- EXERCISE OBJECTIVE
All the lines below should be set down exactly, with no picture carried into the copy.

- GIVEN INFORMATION
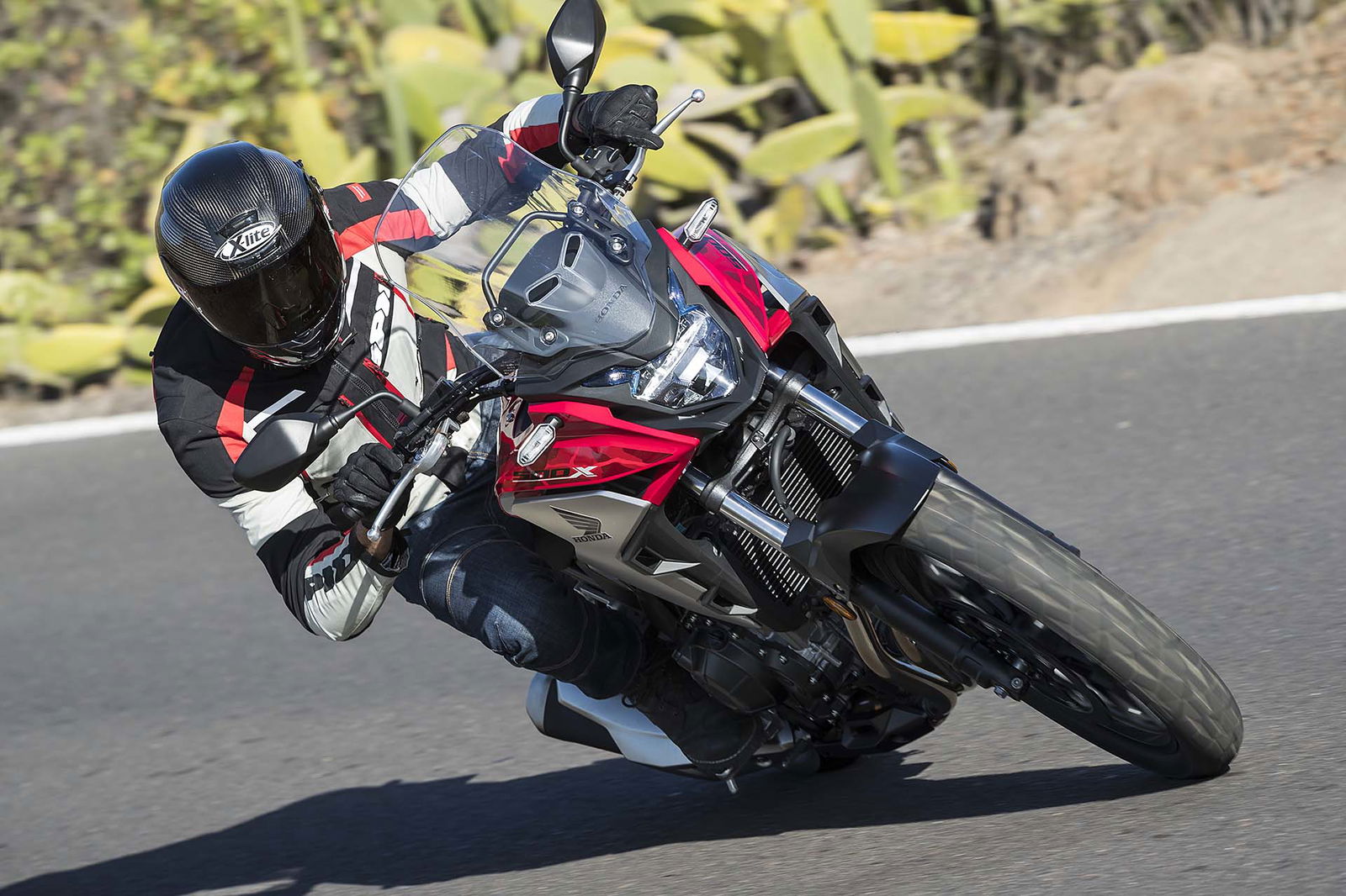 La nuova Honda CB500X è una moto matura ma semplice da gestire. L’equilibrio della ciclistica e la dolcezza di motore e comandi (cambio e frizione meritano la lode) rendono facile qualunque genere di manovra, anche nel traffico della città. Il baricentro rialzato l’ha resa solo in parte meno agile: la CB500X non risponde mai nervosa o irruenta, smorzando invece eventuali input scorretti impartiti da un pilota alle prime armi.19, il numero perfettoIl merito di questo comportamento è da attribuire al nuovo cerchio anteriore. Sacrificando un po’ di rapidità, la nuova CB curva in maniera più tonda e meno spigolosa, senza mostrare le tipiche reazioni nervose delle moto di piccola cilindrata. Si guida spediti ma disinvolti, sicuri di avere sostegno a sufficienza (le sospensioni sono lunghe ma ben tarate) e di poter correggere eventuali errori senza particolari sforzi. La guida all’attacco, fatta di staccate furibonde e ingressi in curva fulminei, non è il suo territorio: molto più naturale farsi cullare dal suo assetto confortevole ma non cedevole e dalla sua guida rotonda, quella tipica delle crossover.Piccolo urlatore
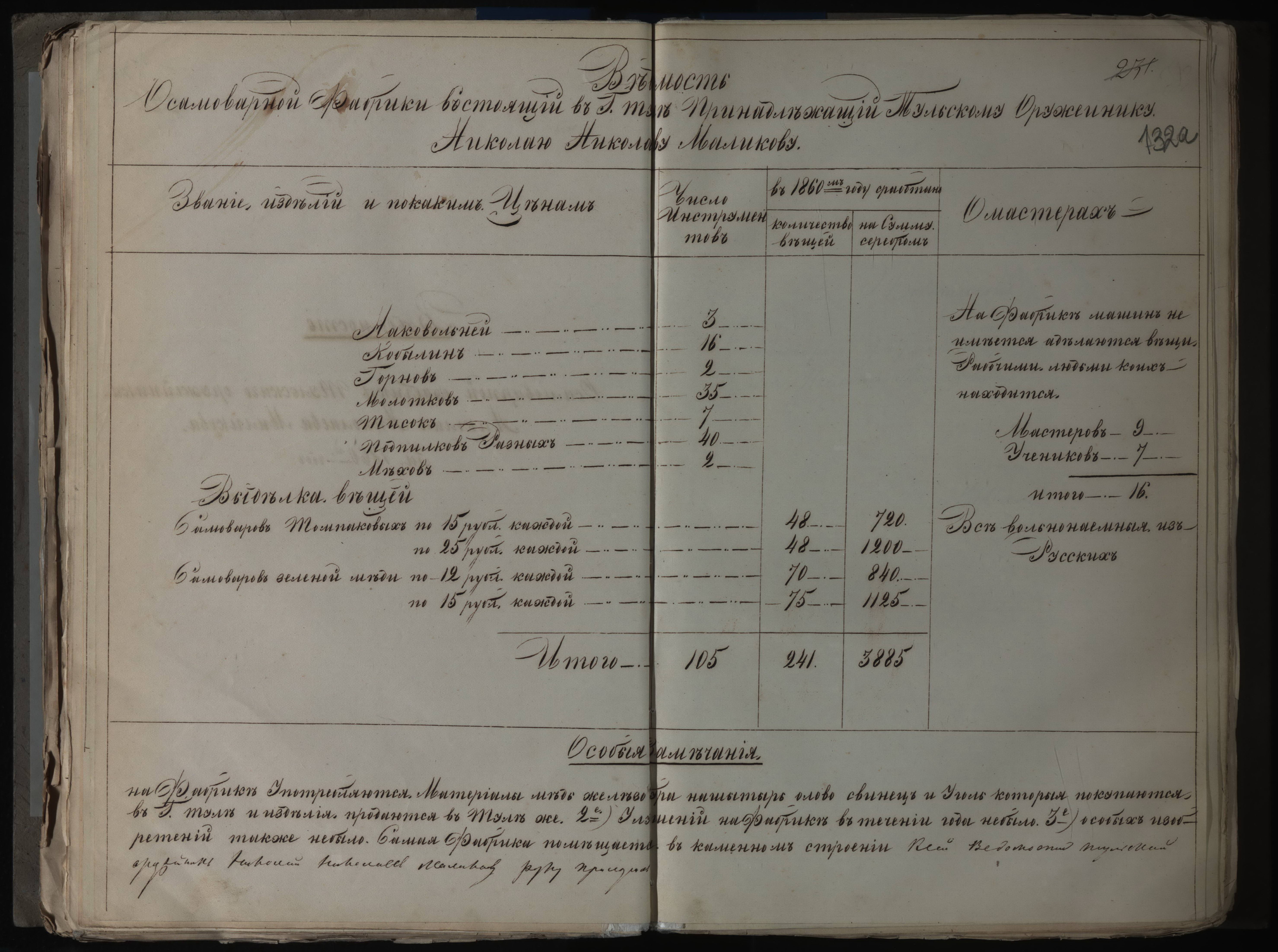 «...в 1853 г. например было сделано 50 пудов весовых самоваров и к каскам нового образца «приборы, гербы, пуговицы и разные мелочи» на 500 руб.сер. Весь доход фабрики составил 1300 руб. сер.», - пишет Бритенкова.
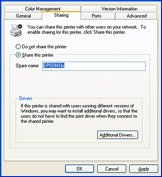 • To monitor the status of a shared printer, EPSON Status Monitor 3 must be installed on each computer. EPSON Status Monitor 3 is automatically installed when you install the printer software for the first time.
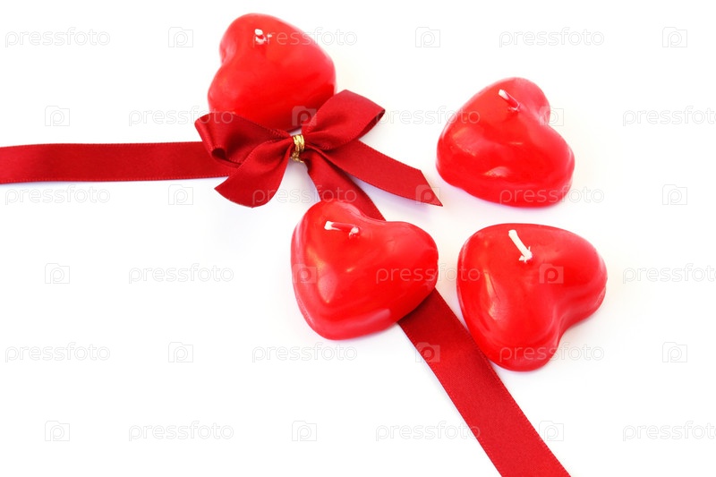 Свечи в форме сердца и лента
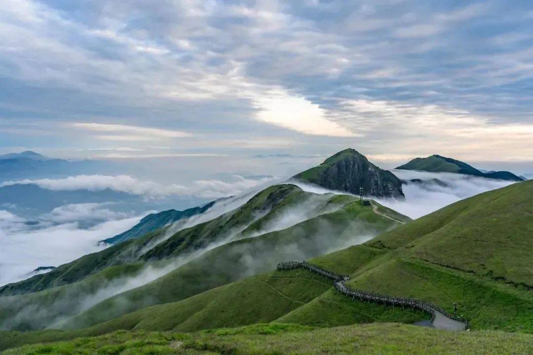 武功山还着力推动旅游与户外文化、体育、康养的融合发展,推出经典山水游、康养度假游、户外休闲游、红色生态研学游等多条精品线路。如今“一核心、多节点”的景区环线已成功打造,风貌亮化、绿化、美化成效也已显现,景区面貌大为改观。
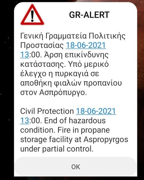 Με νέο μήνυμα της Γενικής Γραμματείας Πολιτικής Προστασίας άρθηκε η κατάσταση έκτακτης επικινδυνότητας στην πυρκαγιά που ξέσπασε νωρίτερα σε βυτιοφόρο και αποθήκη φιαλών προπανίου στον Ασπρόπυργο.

- TASK OUTPUT
 La nuova Honda CB500X è una moto matura ma semplice da gestire. L’equilibrio della ciclistica e la dolcezza di motore e comandi (cambio e frizione meritano la lode) rendono facile qualunque genere di manovra, anche nel traffico della città. Il baricentro rialzato l’ha resa solo in parte meno agile: la CB500X non risponde mai nervosa o irruenta, smorzando invece eventuali input scorretti impartiti da un pilota alle prime armi.19, il numero perfettoIl merito di questo comportamento è da attribuire al nuovo cerchio anteriore. Sacrificando un po’ di rapidità, la nuova CB curva in maniera più tonda e meno spigolosa, senza mostrare le tipiche reazioni nervose delle moto di piccola cilindrata. Si guida spediti ma disinvolti, sicuri di avere sostegno a sufficienza (le sospensioni sono lunghe ma ben tarate) e di poter correggere eventuali errori senza particolari sforzi. La guida all’attacco, fatta di staccate furibonde e ingressi in curva fulminei, non è il suo territorio: molto più naturale farsi cullare dal suo assetto confortevole ma non cedevole e dalla sua guida rotonda, quella tipica delle crossover.Piccolo urlatore
 «...в 1853 г. например было сделано 50 пудов весовых самоваров и к каскам нового образца «приборы, гербы, пуговицы и разные мелочи» на 500 руб.сер. Весь доход фабрики составил 1300 руб. сер.», - пишет Бритенкова.
 • To monitor the status of a shared printer, EPSON Status Monitor 3 must be installed on each computer. EPSON Status Monitor 3 is automatically installed when you install the printer software for the first time.
 Свечи в форме сердца и лента
 武功山还着力推动旅游与户外文化、体育、康养的融合发展,推出经典山水游、康养度假游、户外休闲游、红色生态研学游等多条精品线路。如今“一核心、多节点”的景区环线已成功打造,风貌亮化、绿化、美化成效也已显现,景区面貌大为改观。
 Με νέο μήνυμα της Γενικής Γραμματείας Πολιτικής Προστασίας άρθηκε η κατάσταση έκτακτης επικινδυνότητας στην πυρκαγιά που ξέσπασε νωρίτερα σε βυτιοφόρο και αποθήκη φιαλών προπανίου στον Ασπρόπυργο.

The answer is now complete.